Police in the seaport town of Limbe, Wednesday, April 15, 2020,  arrested hordes of street children who were hawking and making brisk business.

Limbe, popularly known as OPEC city, because it hosts the lone petroleum refinery in the country, bears a reputation as a city of commercial possibilities.

The operation followed an order by the Senior Divisional Officer for Fako Division Engamba Ledeux, prohibiting children from being used as street hawkers.

Cameroon is struggling with curtailing the ravaging coronavirus pandemic in the country and fears that allowing child-street hawkers would likely inflame the spread of the disease.


As of the morning of Thursday, April 16, hundreds of children whose parents  had not reported at the police stations to bail were still being detained by the police.

Parents who came for their children were routinely detained as their children regained freedom. The parents, however, had to negotiate their own freedom in monetary values.

Some of the parents have been released after paying sums negotiated with the police and those who have not paid are being held.

The offence for which the children were arrested in the first place is not provided for in the penal code and so there is no penalty for it, thus the money paid by parents goes to the police.

HumAngle found out, however, that most of the children still in police detention are children fleeing war in the crisis-torn Anglophone region where schools have been shut for long.

Their parents may not likely be anywhere near or even alive. They are the homeless children whose parents either escaped into the bushes, are casualties of the military invasion of the Anglophone Cameroon or fled to neighbouring Nigeria.

Among these street children are also those from the Far North Region, one of the theatres of insurgency by Boko Haram in the Lake Chad Basin.

There are also, among the street children, those from the Eastern region of the country where refugees and armed gangs from the Central African Republic have wreaked havoc on the population.

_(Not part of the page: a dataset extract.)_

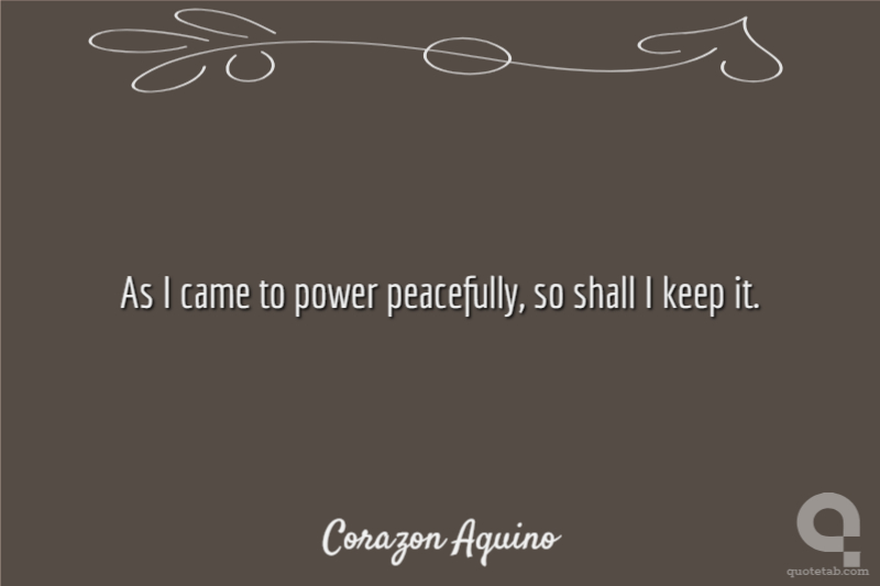 Maria Corazon "Cory" Sumulong Cojuangco-Aquino, popularly known as Cory Aquino, was a Filipino politician who served as the 11th President of the Philippines, the first woman to hold that office and the first female president in Asia. Aquino was the most prominent figure of the 1986 People Power Revolution, which toppled the 20-year authoritarian rule of President Ferdinand E. Marcos and restored democracy to the Philippines. She was named Time magazine's "Woman of the Year" in 1986. Prior to this,...
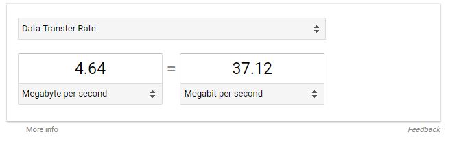 That can only mean it is actually reporting MBps even though it shows Mbps in the interface - which the converted #s bear out.

The Ministry of Social Affairs in Cameroon classified these ones from the Eastern region as “legally non-existent” children. It is a way of saying that such street children have no state and no root.

Douala, Cameroon’s economic capital has over 10,000 “legally non-existent” children. These are children aged 13 years and above who have no birth certificates or any other state identification documents.

According to a study commissioned by Rotary International, “these are children who exist, but legally have no real existence.”

This phenomenon does not only exist in the economic capital but throughout the country.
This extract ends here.